- Full name: Holy Bible: Easy-to-Read Version
- Abbreviation: ERV
- Language: English
- Complete Bible published: 1987
- Copyright: Copyright by World Bible Translation Center
- Genesis 1:1–3 God made the sky and earth. At first, the earth was completely empty; nothing was on the earth. Darkness covered the ocean, and God’s Spirit moved over the water. Then God said, "Let there be light!" And light began to shine. John 3:16 Yes, God loved the world so much that he gave his only Son. God gave his Son so that every person that believes in him would not be lost, but have life forever.

= Easy-to-Read Version =

Version of the Bible

The Holy Bible: Easy-to-Read Version (ERV) is an English translation of the Bible compiled by the World Bible Translation Center. It was originally published as the English Version for the Deaf (EVD) by BakerBooks.

==History==
Some Deaf readers struggle with reading English because of their limited exposure to that language. The World Bible Translation Center (WBTC) decided to do a translation that would make reading the Bible easier for them. The EVD uses simpler vocabulary and shorter sentences to make it more simple to understand. The English Version for the Deaf (EVD), and its second cover, the Easy to Read Version (ERV) were translated by Ervin Bishop (Greek Language Translator), David Stringham (Hebrew Language Translator) and Benton L Dibrell (Deaf Language Specialist, Interpreter, and Translator). The translators used a thought-for-thought or functional equivalence method of translation. It was found to be useful for others who struggle with reading and is often used in prisons and literacy programs.

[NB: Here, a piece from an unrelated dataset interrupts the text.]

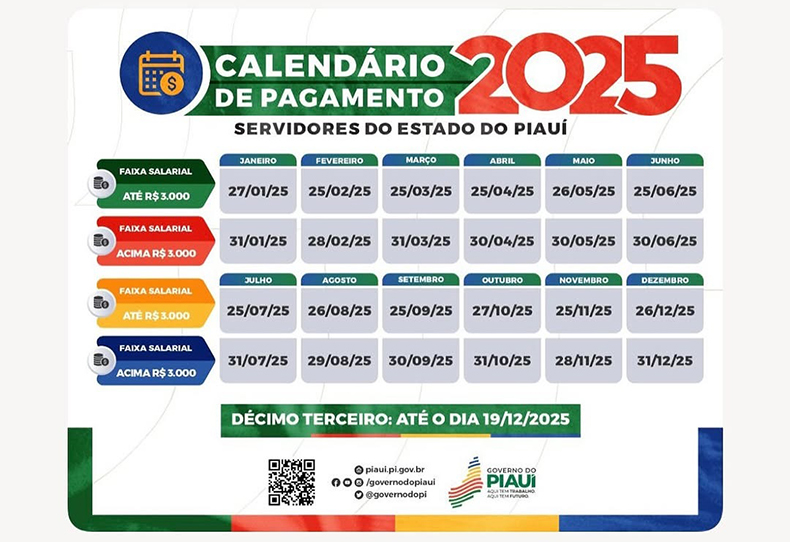 A tabela de pagamento dos servidores públicos do Piauí foi divulgada na tarde desta segunda-feira (13) pelo governador Rafael Fonteles. Por meio de suas redes sociais ele confirmou a informação que circulou no final de semana.

The ERV uses the Biblia Hebraica Stuttgartensia (1984) as its Old Testament text with some readings from the Dead Sea Scrolls. It also follows the Septuagint, an ancient Greek translation of the Hebrew scriptures, when its readings are considered more accurate. For the New Testament revisions, the ERV uses the United Bible Societies' Greek New Testament (fourth revised edition, 1993) and Nestle-Aland Novum Testamentum Graece (twenty-seventh edition, 1993).

The EVD New Testament was completed and published by Baker Books in 1978. The Old Testament was completed in 1986. The entire compilation of both Old and New Testaments was published as both the 'English Version for the Deaf' and the 'Easy to Read Version' (primarily for individuals for whom English is a second language) in 1987. In 2004, a major revision of the ERV was finished. It used broader vocabulary and greater use of gender-inclusive language. The EVD was left unchanged, so it and the ERV now have different texts. Apps for reading both Bibles are available from the WBTC's website, the full text is available online via various Bible aggregator portals.

==Criticism==
The ERV caused a slight bit of controversy among a small number of lay members of the Churches of Christ (the WBTC is an outreach of the Churches of Christ). Goebel Music wrote a lengthy book critiquing this translation titled "Easy-to-Read Version: Easy to Read or Easy to Mislead?", criticizing the ERV's method of translation, textual basis, and wording of certain passages. Music’s book, in turn, received criticism, as he holds no credentials with which to criticize the translators of the ERV, and seemed to have a lack of awareness regarding the stated purpose of the translators. The critique was not well-received by scholars.